These rather abstract ideas
were lived out in the editing room, as students argued, contested and played
with each other's different versions of the collaborative texts they were
making, proposing, and often actually saving under separate filenames:
their personalised versions, mutinous oppositions to the consensus, uncensored
versions of the cleaned-up public text, even parodic joke versions.
The social processes
of non-linear editing are different from analogue. They are less frantic:
there's less of the "buzz" of performance, and the undeniably productive
need for students literally to work tightly together in the moment of production.
But on closer investigation, what roles did they actually perform in the
analogue editing process?

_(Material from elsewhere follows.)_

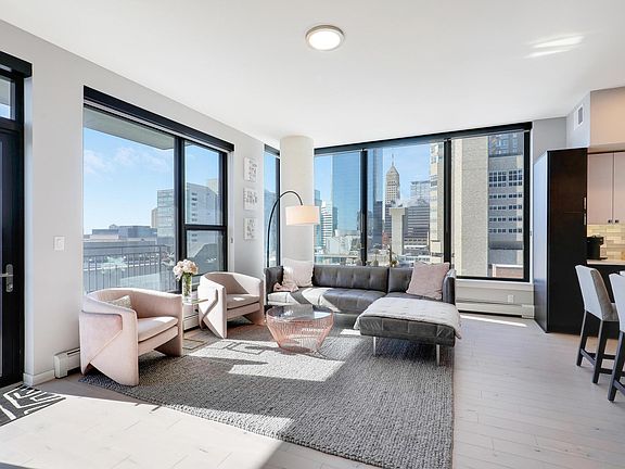 Extended islandEngineered wood flooringChic and stylish kitchenPantry with pull-out drawersPanoramic views of downtownCorner unitSpacious bedrooms

Arguably, the most creative editing/compositional
role was played by the pupil(s) on the vision mixer, who controlled transition
effects, colour effects, audio and video mixing. The others, though often
involved in the decision-making, may only have been pressing play and record
buttons.
In the non-linear environment,
which is set up much more as a one-person operation, the danger is that
just one person controls the keyboard. However, it`s easier to ensure that
each person plays a part: the opportunities for discussion are much greater,
since there's much more 'redrafting' and there are separate editing jobs.
One person could edit the audio tracks, they could each have one sequence
of which they are director, they can have separate timelines; all of these
items can then be imported into the main sequence when they are ready.
Finally, it`s worth
remarking on the pleasure of powerful compositional effects. A clear instance
of this was a moment with a Year 10 group, making an advert for trainers.
They wanted to make several repeats of a basketball 'slam-dunk' shot, synchronised
with the rapid beat of their music track. This was easily done - they marked
the beat on the timeline with markers; trimmed the shot to the right length,
then copied and pasted it with familiar keyboard commands. Immediately,
the impressive sequence was ready; and Craig was so excited he shot out
of his seat.
There`s also the pleasure,
in adverts and pop videos, of themselves as elements in the visual narrative:
they can manipulate images of themselves as actors/participants in new
and powerful ways. And the pleasure of putting into effect their profound
knowledge of popular genres, images and narratives, through technologies
that, for once, allow them to make really professional texts.
Analogue
In an 'analogue' system,
there is some form of physical correspondence between the form in which
sound or pictures are stored or transmitted, and the sound or pictures
themselves. So, for example, a vinyl record is an 'analogue' system, because
the shape of the grooves on the record is related to the volume and pitch
of the sound which the listener hears. A CD, on the other hand, is digital
because the patterns on it represent the music in the form of numbers.
Auteurist
Auteur film theory holds
that a ‘quality’ film is the product of thevision of a single artist ?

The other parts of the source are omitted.